Background: Depression and obesity are widespread and closely linked. Brain-derived neurotrophic factor (BDNF) and vitamin D are both assumed to be associated with depression and obesity. Little is known about the interplay between vitamin D and BDNF. We explored the putative associations and interactions between serum BDNF and vitamin D levels with depressive symptoms and abdominal obesity in a large population-based cohort. Methods: Data were obtained from the population-based Study of Health in Pomerania (SHIP)-Trend (n = 3,926).
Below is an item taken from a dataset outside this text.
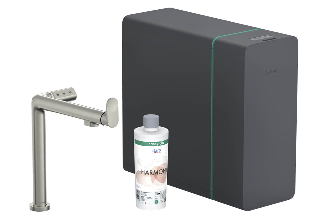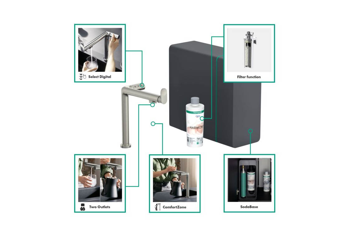 складається з: одноважільного кухонного змішувача, насадки з фільтром, картриджа для мінералізації Harmony з фільтром, SodaBaseв комплектацію не входить: балон CO2,l-вилив,комфортзона 240,діапазон повороту регулюється у 2 етапи 60° або 110°,ламінарний спрей,підключення пристрою DN20максимальна витрата при 3 бар: 6,5 л/хв,керамічний картридж,з'єднання G ⅜,підходить для безперервних проточних водонагрівачів,вбудований зворотний клапан,отвір під змішувач Ø 35 мм,охолоджена питна вода з роздільною подачею для фільтрованої та нефільтрованої води,вибір за допомогою кнопок на носику негазованої, середньогазованої та газованої води,контроль і моніторинг даних про споживання та push-повідомлення про низьку потужність фільтра або CO2 через додаток hansgrohe home,об'єм фільтра: 300 л,холодопродуктивність: 7 л/год охолодженої води,споживана потужність: 240 Вт (вихід води), 180 Вт (фаза охолодження), 3 Вт (режим очікування),живлення: 230 В ±10 %,максимальна кількість забору (охолоджена/газована вода): 2 л/хв.

The associations of serum BDNF and vitamin D levels with depressive symptoms (measured using the Patient Health Questionnaire) were assessed with binary and multinomial logistic regression models. The associations of serum BDNF and vitamin D levels with obesity (measured by the waist-to-hip ratio [WHR]) were assessed with binary logistic and linear regression models with restricted cubic splines. Results: Logistic regression models revealed inverse associations of vitamin D with depression (OR = 0.966; 95% CI 0.951–0.981) and obesity (OR = 0.976; 95% CI 0.967–0.985). No linear association of serum BDNF with depression or obesity was found. However, linear regression models revealed a U-shaped association of BDNF with WHR (p < 0.001). Conclusion: Vitamin D was inversely associated with depression and obesity. BDNF was associated with abdominal obesity, but not with depression. At the population level, our results support the relevant roles of vitamin D and BDNF in mental and physical health-related outcomes.